Book Review: A Royal Panoply

Those of you who don't have a huge hard-on for British royal history probably won't appreciate this book. But since I do belong in that camp, I loved this book! What a brilliant idea! Erickson profiles every British monarch from William the Conquerer to Elizabeth II, and she does it all by devoting about ten pages to each. (I think she leaves out Edward V, and Sophia, Electoress of Hanover, because neither was corronated, I think). I appreciated the brevity because it made it really to read, and also because I took History of England in college and I've read a lot of more comprehensive books on certain eras in British history so the brief bios were all I needed to refresh my memory in some cases.

I fell in love with these crazy kings (and occasional queens) during my History of England classes in college mainly because I think it is so fascinating how influential their personalities are. A number of things stood out as I read through his book. One, it is amazing how often a son will be the polar opposite of his father. As a result it seemed like whenever one king would do something really good, he'd have a really lazy or incompetent son come along after him and erase all that he'd done. This seemed to be a pattern until the time when Parliament seized greater control over the government, and there was more consistency and normalcy over the years. I remember thinking in college that the class got a lot less interesting once we started talking more about Parliament instead of the monarchy, but this book doesn't suffer that fate because it is not a history of England, it is a biography of the monarchs themselves, as individuals.

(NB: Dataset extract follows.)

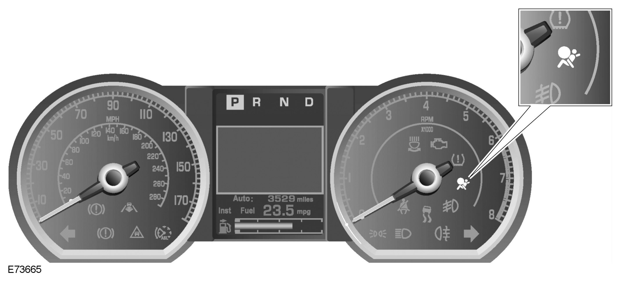 The air bag warning indicator consists of a red LED (light emitting diode) behind a SRS (supplemental restraint system) graphic in the instrument cluster.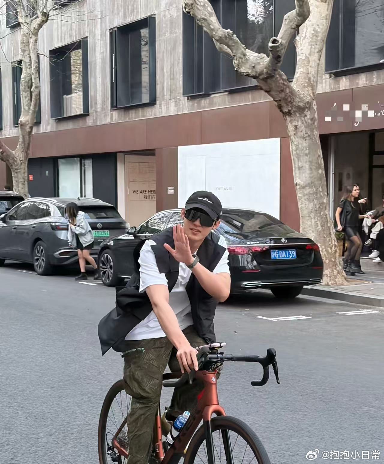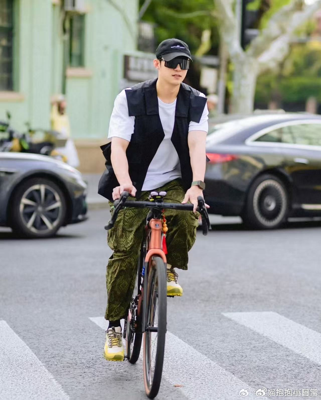 网友上海偶遇黄景瑜骑车 果然帅哥就算穿基础款也出彩,黄景瑜马甲配棒球帽,简简单单

Another thing that struck me was how many of the kings had homosexual tendencies! Holy crap! What was the deal there? There must have been at least half a dozen with male intimates.

One of the best things about reading through this book was comparing what I was reading to the portrayals of these historical figures in books and in movies. For instance, when reading about Edward I, Edward II, and the latter's wife Isabella, I was thinking about Braveheart. When reading about Richard I, I was thinking about Robin Hood. When reading about Charles II, I thought about a movie (Stage Beauty, I think) that featured him. Of course my deep affection for Regency romance novels made me think about what I've read about the Prince Regent, George IV, in those novels. And I thought about the DVD my dad got me a few Christmases ago, The Lost Prince, when I read about George V. It's fun to see where the movies and books got it right, and when they certainly seemed to get it wrong.